What is the effect of an increasing number of classes?

AlexeyAB / darknet

YOLOv4 / Scaled-YOLOv4 / YOLO - Neural Networks for Object Detection (Windows and Linux version of Darknet )

http://pjreddie.com/darknet/

Other

21.76k stars 7.96k forks source link

What is the effect of an increasing number of classes? #5087

Open d3-worgan opened 4 years ago

d3-worgan commented 4 years ago

Hi,

Can anybody tell me if there is an upper limit to the number of classes that an object detector can learn? What are the effects on accuracy/effeciency as the number of classes increases?

For example, I have trained an object detector with 2 classes which works well. A model that can detect 80 classes like yolov3 performs well. But the open images pre-trained model from pjreddie hardly detects even a human.
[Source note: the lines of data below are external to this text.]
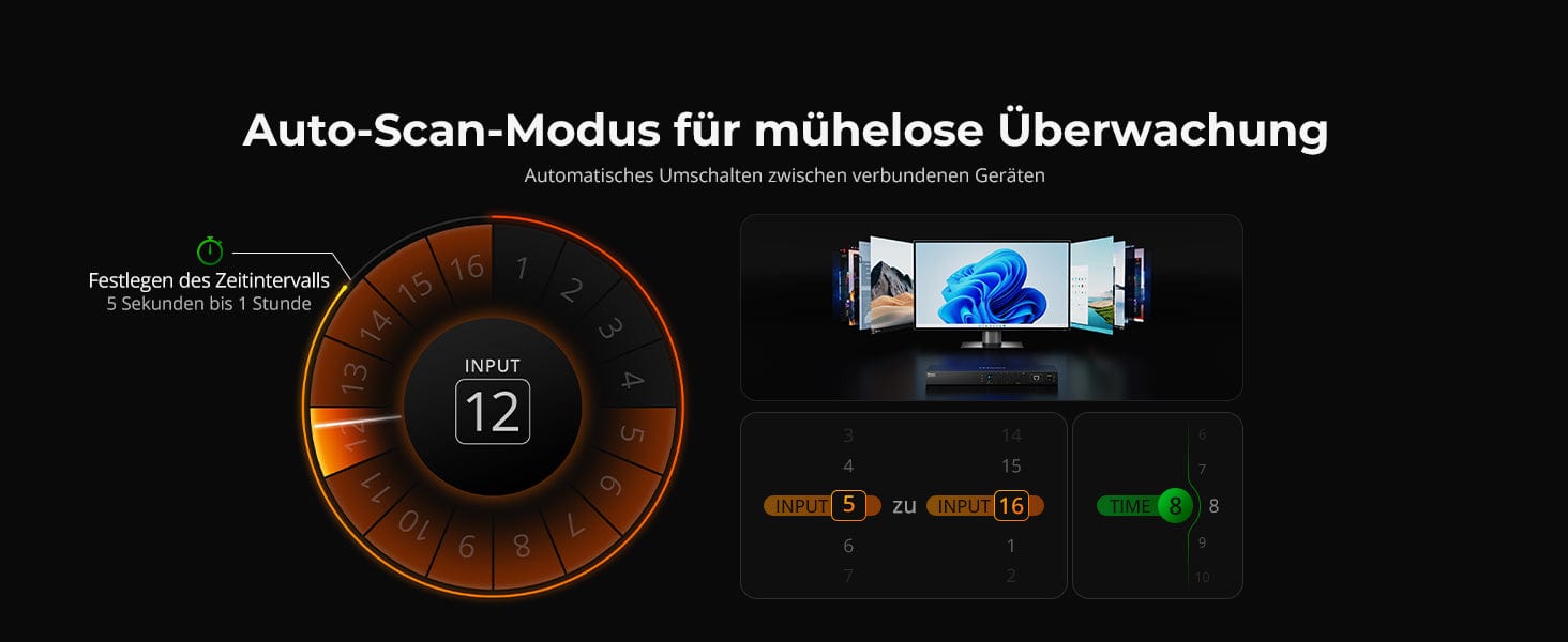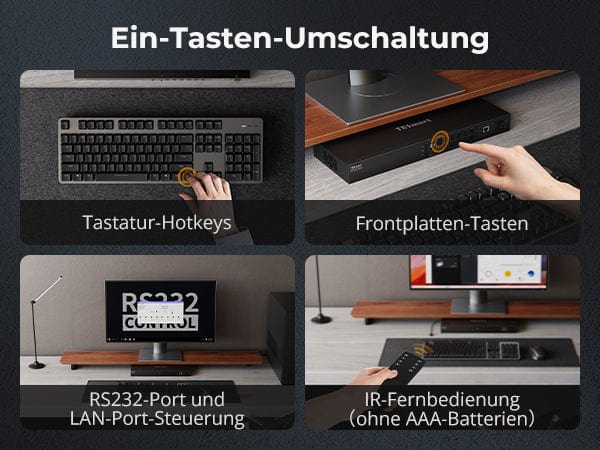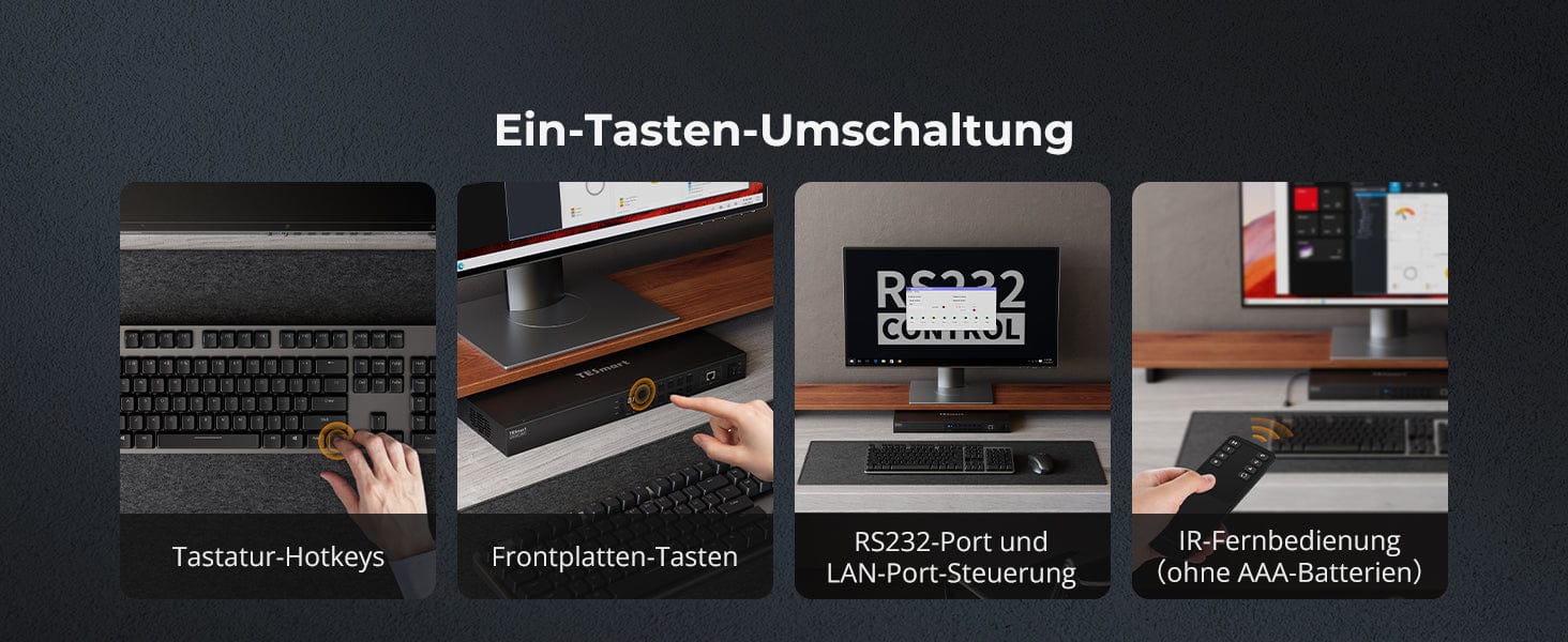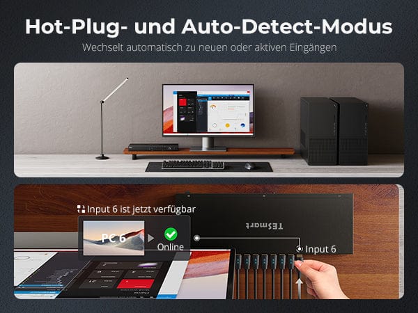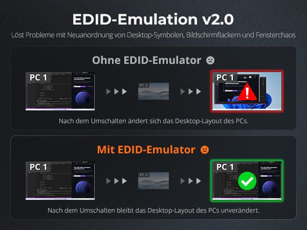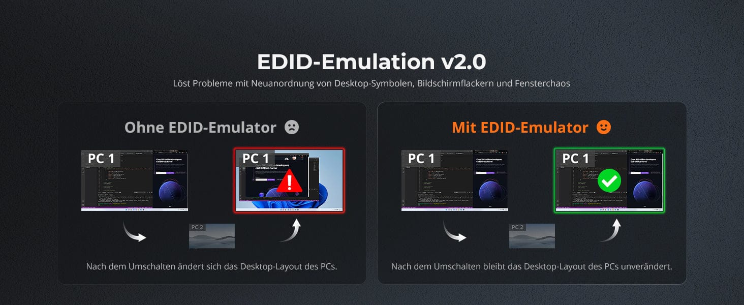 •EDID-Simulatoren an jedem Eingangsport: Stellt sicher, dass jeder PC die richtigen Anzeigeinformationen erhält
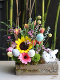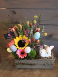 Lift your spirits and make your Easter celebration bloom with Bunny Kisses! Our vibrant spring collection features a gorgeous floral arrangement in a rustic crate vase, with Easter eggs, and a cuddly bunny to bring abundant joy and happiness. Transform your home into a sweet wonderland, and add edibles for extra special surprises. Let the Easter magic begin!
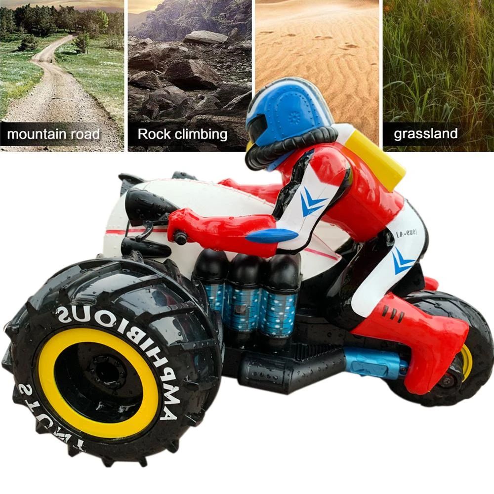 Functions: 360 degree flip,amphibious stunt,motor racing, light
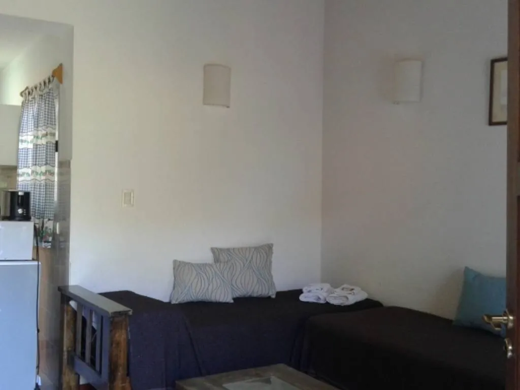 Ofrecemos cabañas adosadas de 45 metros cuadrados, cada una, con baño, dormitorio matrimonial, estar comedor con dos camas individuales, cocina completa y asador individual, donde pueden alojarse cómodamente hasta cuatro adultos, o cuatro adultos y un niño.
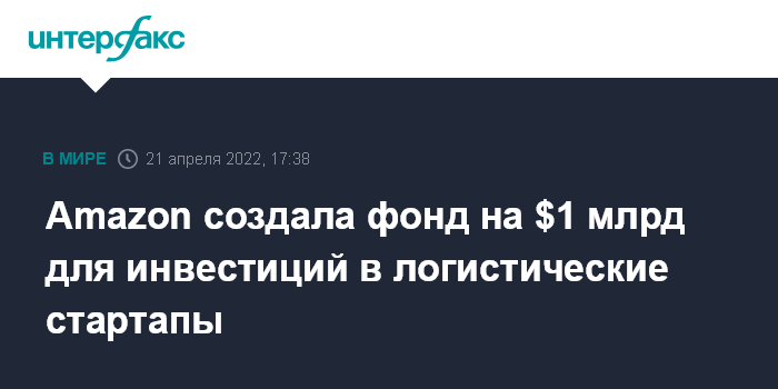 Москва. 21 апреля. INTERFAX.RU - Американский интернет-ритейлер Amazon.com Inc создал венчурный фонд объемом $1 млрд для инвестиций в стартапы в сфере логистики, фулфилмента и технологий для цепочек поставок.
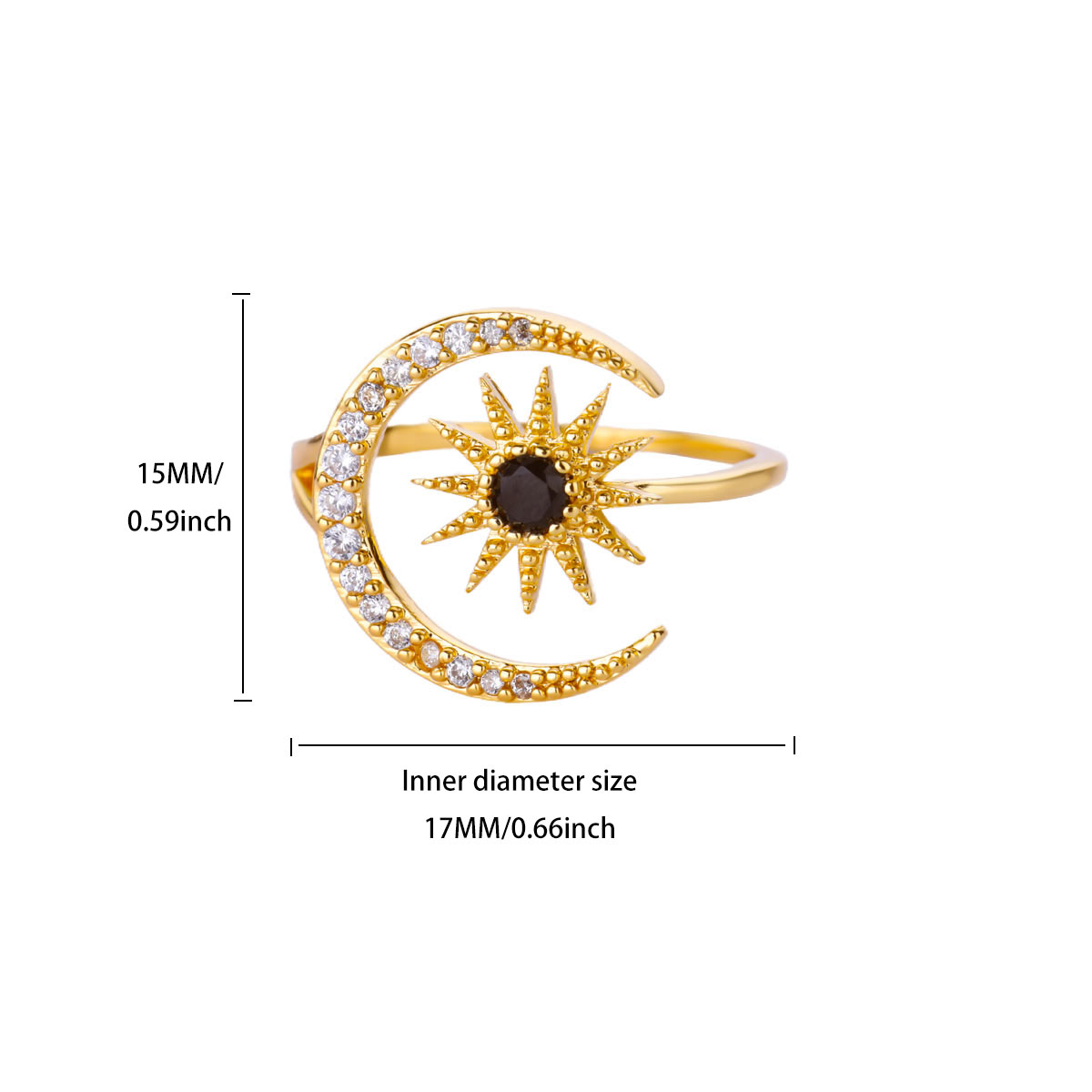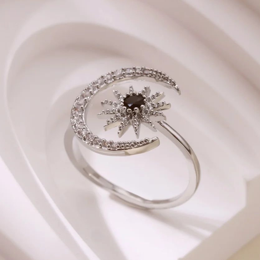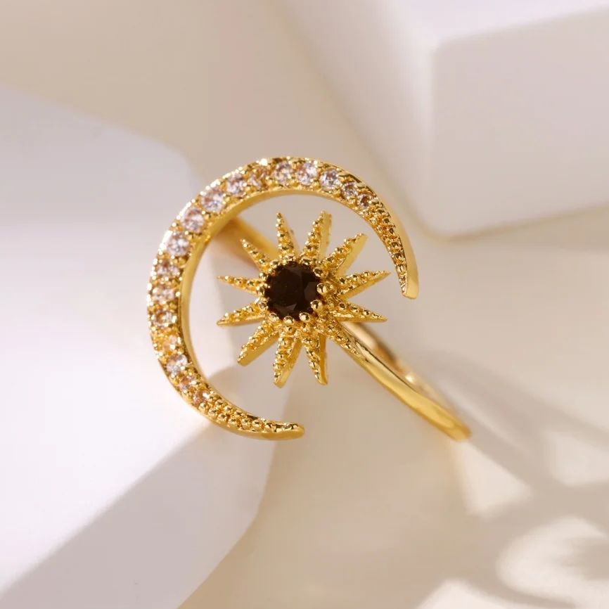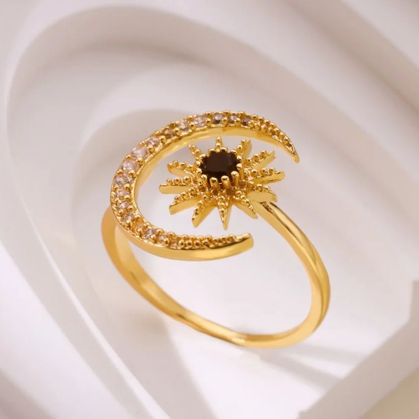Gold Color Stainless Steel Geometric Rings for Women Zircon Star & Moon Open Ring Fashion Aesthetic Jewelry Wedding Gift
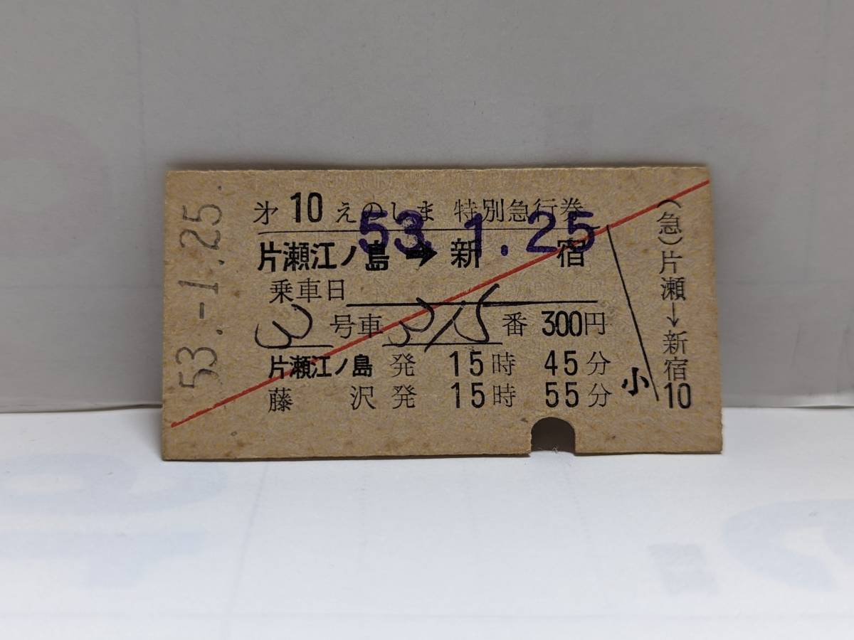 小田急 えのしま10号特別急行券(片瀬江ノ島駅53年1月25日発券)です。
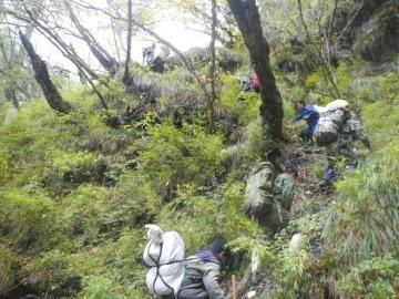 在翻山越岭中,调查队员除了要时刻防范蛇虫的攻击,更让他们头痛的是旱蚂蟥,虽然穿了厚厚的布袜,但还是经常被咬到。但更艰苦的,是高海拔地区的雨雪山风。
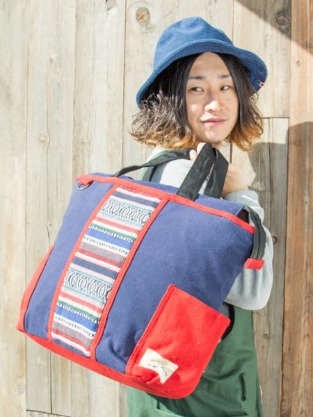 ネパール手織り生地とキャンパス地のコンビネーションが目を惹く大容量トートバッグ。バイカラーの大きなポケットがアクセントに。内ポケット付き。縁のリングにキーホルダーや小物を下げて、自分好みにアレンジしていただけます。バッグ口はファスナー仕様。
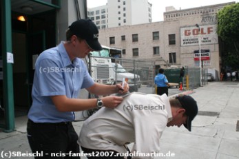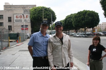 Nun gesellt sich auch Gil von der LAPD zu einem ausführlichen Smalltalk zu uns. Er erklärt uns, was Mark fuer ein netter Kerl sei. Schließlich hält hinter uns noch ein Polizeiwagen an und zwei weitere Police-Officer schauen uns fragend an und fragen uns, auf was wir denn warten würden. Artig berichten wir auch den beiden darüber, dass wir hier beim NCIS-Dreh gerne einmal Mark und Co. treffen würden. Die Beamten grinsen breit, geben uns zu verstehen, dass sie die Serie überhaupt nicht kennen würden, aber wünschen uns noch viel Erfolg, bevor sie sich noch kurz umsehen und wieder mit ihrem Wagen verschwinden.

I found another open images model seems to perform better but still hardly detects anything unless it is close to the camera.

Is this a problem with the dataset? Am I using the models wrong? Or does it demonstrate an issue with detecting a large number of classes? I am struggling to find information on this if anyone can provide an explanation.

Thanks

AlexeyAB commented 4 years ago

OpenImages this is a badly marked dataset
The more classes you use - the lower accuarcy there will be (if you use the same: dataset, model and train the same number of iterations)
The larger the size of weights of the model - the greater the number of classes it can remember
The deeper the network - the higher initial network resolution you can use - the higher accuracy you will get

d3-worgan commented 4 years ago

Thanks, that seems to make sense. But can I ask these as well?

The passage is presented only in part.